It’s Time to Learn Exactly What ‘Zaps’ and ‘Saps’ Your Energy
April 11, 2018
Something truly magical happens when I put on the song “Good as Hell” by Lizzo. No matter how many delayed trains, spilled cups of coffee, or how slump-y my 3 p.m. slump, the song makes me feel unstoppable for at least a full 45 minutes. It’s like the musical equivalent of a deep breath.
I like to think of this song as one of my energy “zaps”—something I can turn to when I need a quick boost of mental energy. And knowing what “zaps” and “saps” our energy—aka takes it away—can help us keep momentum throughout the day.
Are You Energy Efficient?
We often know the physical things that energize us—getting the recommended eight hours of sleep, drinking coffee—and run us down—running a mile (or, you know, just to the grocery store), cleaning the house. But we don’t pay nearly as much attention to the things that mess with our mental energy.
Why we should start noticing our “zaps” and “saps”: Research shows that we start each day with a limited amount of mental energy. When we exhaust that finite resource, we’re less effective. Mental drain can lead to poor decision making and decreased productivity, among other things.
We can’t always control if the bulk of our day is draining or energizing—there will always be decisions to make and taxing tasks to finish. But we can create a list of things that “zap” and “sap” our energy so we know where to turn—and where not to turn—when we’re feeling sluggish.
Here, three areas to explore when discovering what zaps and saps your energy:
1. Your Digital Habits
When we let our digital habits go unchecked, we can unintentionally sabotage our energy.
For example, checking Instagram might be your auto-move when you’re waiting in line, but it’s important to ask yourself: Does checking up on my friends energize me? Or, does it fire up the comparison game and leave me more drained? (For me personally, I’ve learned it’s the latter.)
Today, get curious about your go-to apps and how they affect your energy. Maybe a better “zap” would mean listening to your “Good as Hell”-equivalent pump up jam (you can check out the Shine Squad’s favorite pump-up songs here).
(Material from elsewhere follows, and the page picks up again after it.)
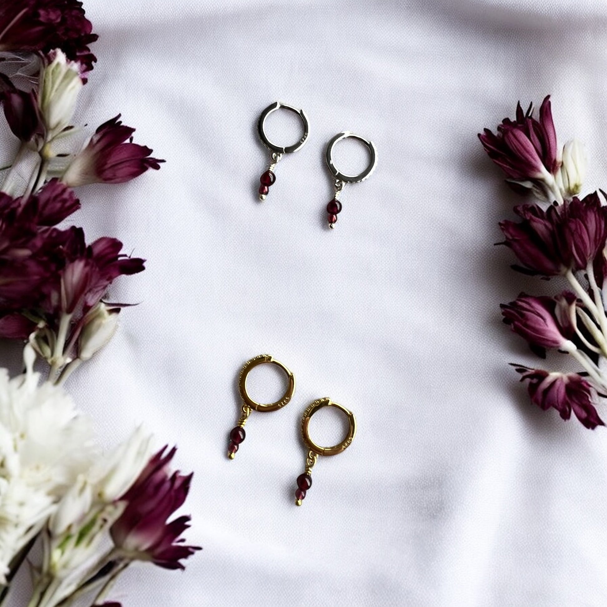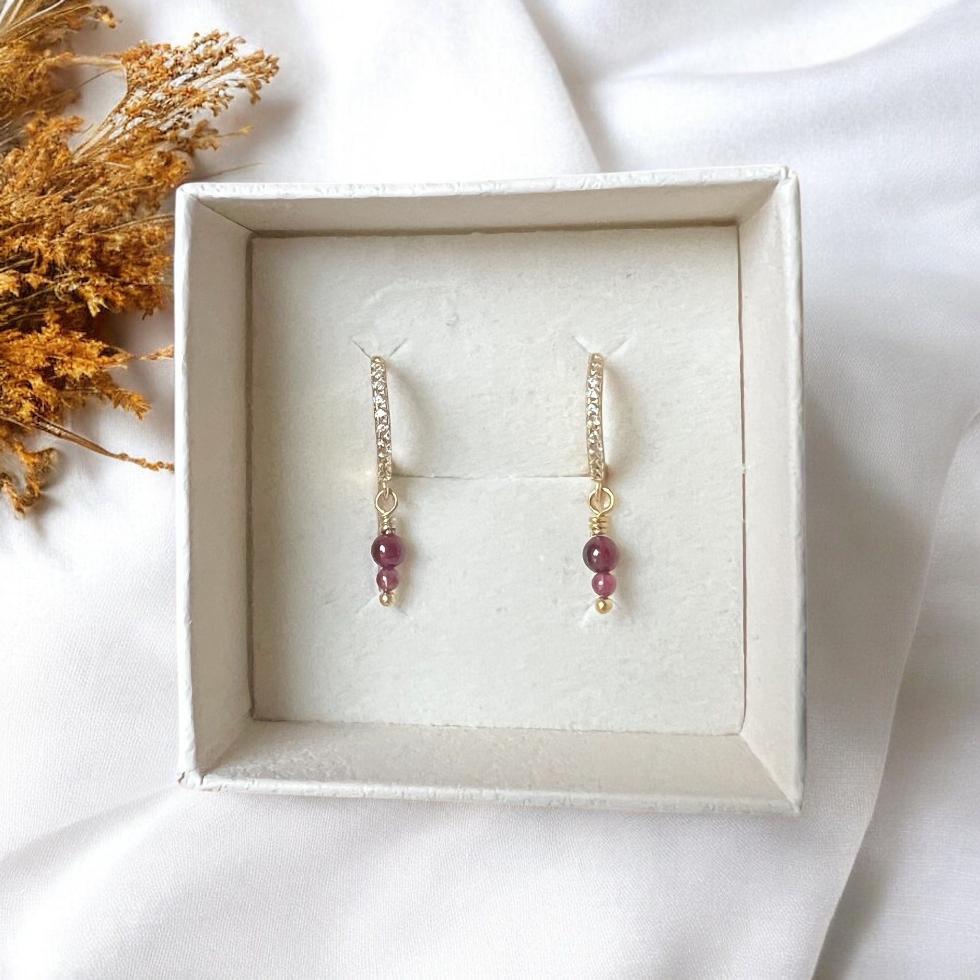 Lille kreol i 18k forgyldt sterling sølv med små zirkonia-sten og vedhæng af rød granat og forgyldt sterling sølv.

Research shows that music is a proven mood and endurance-booster.
Get curious about your go-to apps and how they affect your energy.
Or, maybe your “zap” involves going through your photo album to get a boost from happy memories. Or, re-reading one of your favorite text messages from a friend. Find your tech Gatorade—and intentionally turn to it when you’re feeling sluggish.
2. Your People
Whether we notice it or not, the people we surround ourselves with play with our energy. Studies have shown that emotions are contagious, which can have good and bad implications. If someone’s happy, that’s great to catch. But if someone’s throwing off negative vibes, that could bring you down, too.
Josh Linkner, an entrepreneur and speaker, likes to describe people as literal “zappers” and “sappers.” He breaks down the difference on his blog:
When you are with a Zapper, you feel energized. You become engaged, you lean forward, you feel stimulated. This enhanced state is ideal for creative expression.
On the other hand, there are the Sappers. These are the folks that drain your energy. You could have just gulped six shots of espresso and four Red Bulls, yet you want to fall asleep after speaking with them for five minutes.
That’s not to say you should forever avoid sappers, but it’s key to know the difference so you can optimize your mental energy.
If, say, you’re already feeling worn down, maybe reschedule that meeting with the sapper co-worker. And if you need a pick-me-up, that’s your cue to set up a coffee run or phone date with your hype person. Gauge your energy and, as best you can, surround yourself with the vibes you need.
3. Your Self-Talk
We all have an inner critic that thrives on negative commentary. It knows how to feed our fears and insecurities, and that, dear reader, can drain us just as much as a real-life “sapper.”
“Like it or not, everything you say to yourself matters,” Jennice Vilhauer, Ph.D., explains in a Psychology Today article.
Today, notice how you talk to yourself—especially when you’re feeling sluggish. Are you talking to yourself like a friend, or more like a frenemy? Once you notice your self-talk, try to change it to something that “zaps” you rather than “saps” you.
Notice how you talk to yourself—especially when you’re feeling sluggish.
A study from Carnegie Mellon showed that “self-affirmations actually buffer stress and improved problem-solving performance in underperforming and chronically stressed individuals,” according to Psychology Today.
Create a positive “I …” or “I am …” statement that can remind you of your strength, resilience, or anything that gets you a little fired up. My new go-to: “I am able to persevere”—as in, persevere through the afternoon slump. It pairs well with a few deep breaths.
If you can’t think of your own affirmation, try listening to a one-minute audio affirmation, like the tracks now available in the Shine iOS app (there's even one called "Push Past the Midweek Slump").
Bottom line: We can’t control how taxing our day is, but we can take steps to keep our momentum.
Learn your “zaps,” try to avoid your "saps," and do more things that make you feel “Good as Hell”—even if it’s just for a few precious minutes.